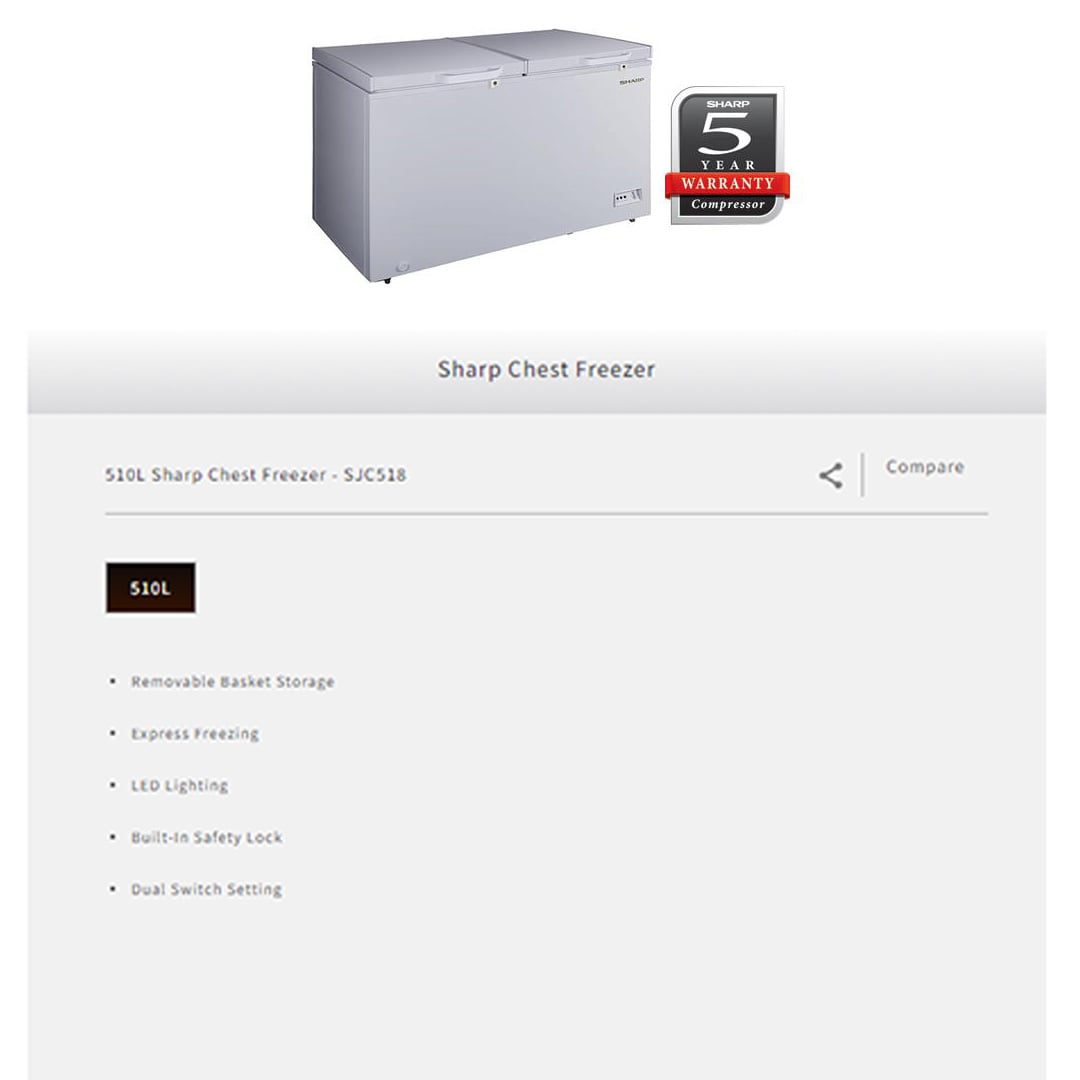 SHARP 510L Chest Freezer SJC518 | Express Freezing | Dual Switch Setting | Built-In Safety Lock | Removable Basket Storage | Chest Freezer with 1 Year General Warranty & 5 Years Compressor Warranty
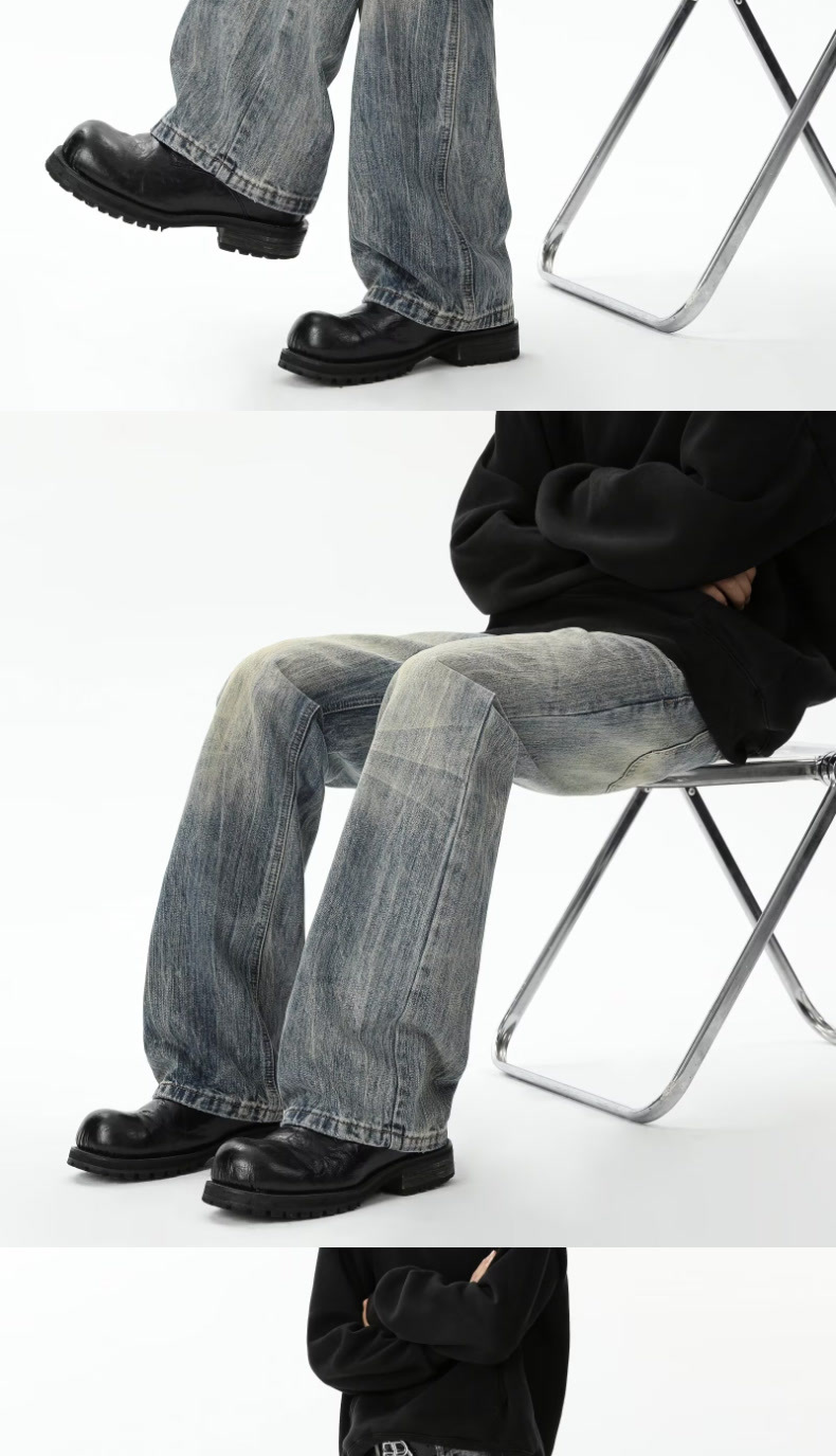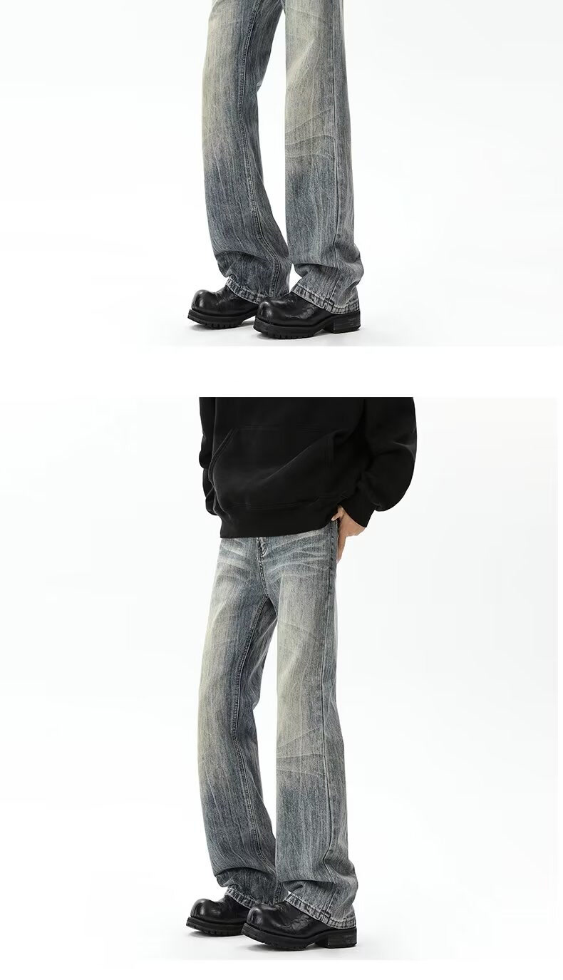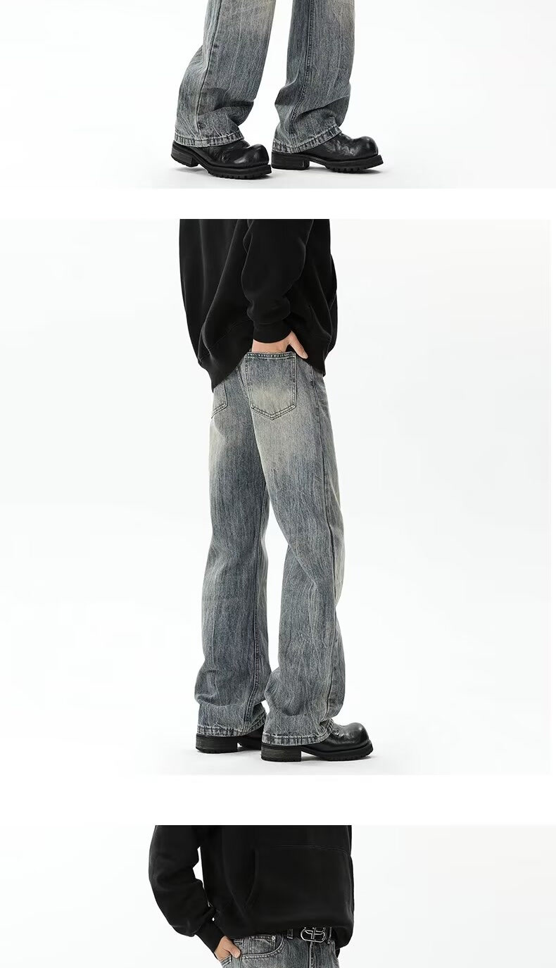 아메리칸 스타일 복고풍 세탁 슬럽 패턴 청바지 남성 하이 스트리트 강아지 잘 생긴 구식 디자인 감각 느슨한 스트레이트 바지스토어 가기
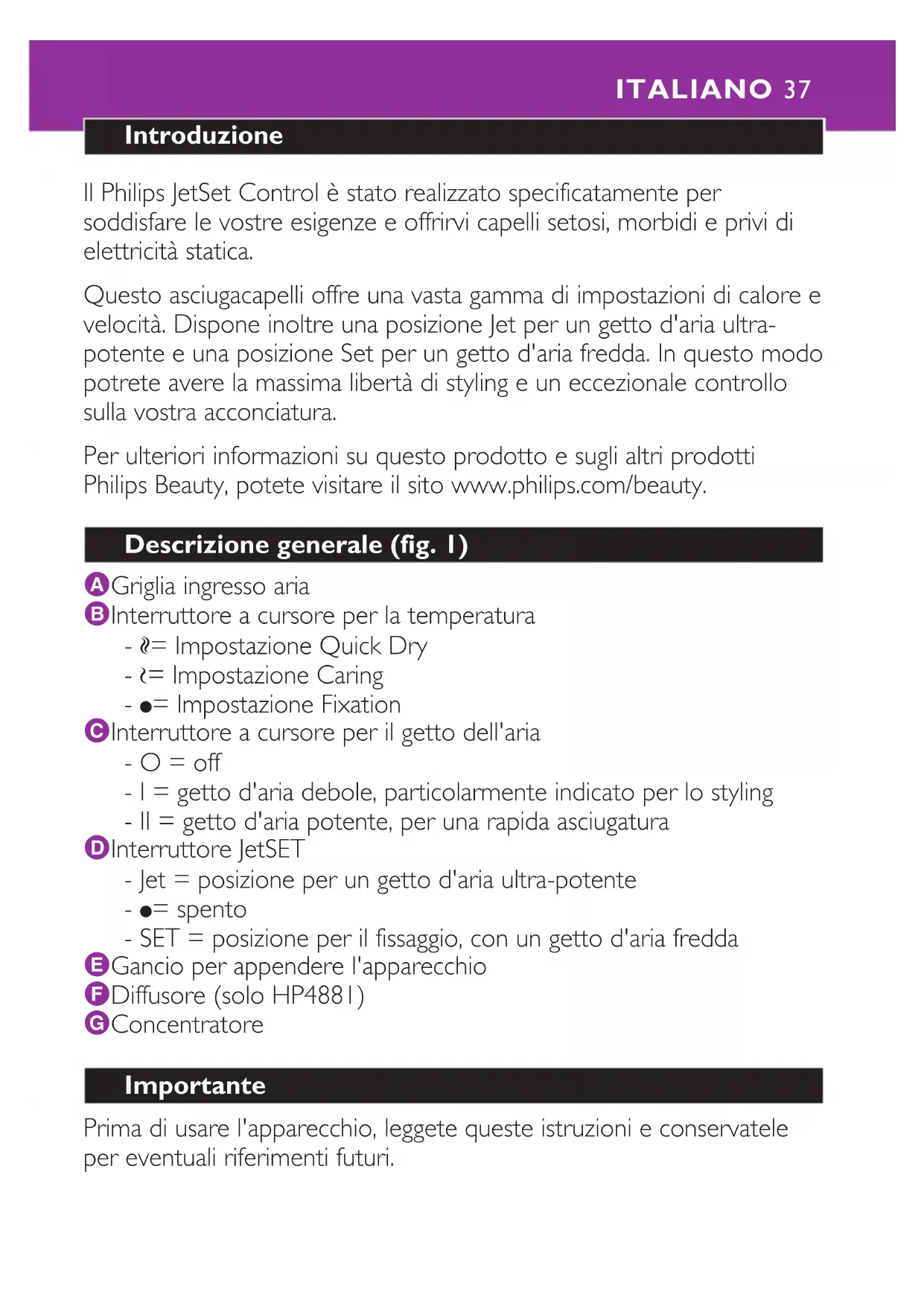 Scarica le istruzioni per il tuo Asciugacapelli in formato PDF gratuitamente! Trova il tuo manuale JetSet Control HP4880 - PHILIPS e riprendi in mano il tuo dispositivo elettronico. In questa pagina sono pubblicati tutti i documenti necessari per l'utilizzo del tuo dispositivo. JetSet Control HP4880 del marchio PHILIPS.
··········
#### TASK PROMPT:
Nothing but the text is wanted: repeat the data above exactly, without its images.

#### SOLUTION TO THE EXERCISE:
 SHARP 510L Chest Freezer SJC518 | Express Freezing | Dual Switch Setting | Built-In Safety Lock | Removable Basket Storage | Chest Freezer with 1 Year General Warranty & 5 Years Compressor Warranty
 아메리칸 스타일 복고풍 세탁 슬럽 패턴 청바지 남성 하이 스트리트 강아지 잘 생긴 구식 디자인 감각 느슨한 스트레이트 바지스토어 가기
 Scarica le istruzioni per il tuo Asciugacapelli in formato PDF gratuitamente! Trova il tuo manuale JetSet Control HP4880 - PHILIPS e riprendi in mano il tuo dispositivo elettronico. In questa pagina sono pubblicati tutti i documenti necessari per l'utilizzo del tuo dispositivo. JetSet Control HP4880 del marchio PHILIPS.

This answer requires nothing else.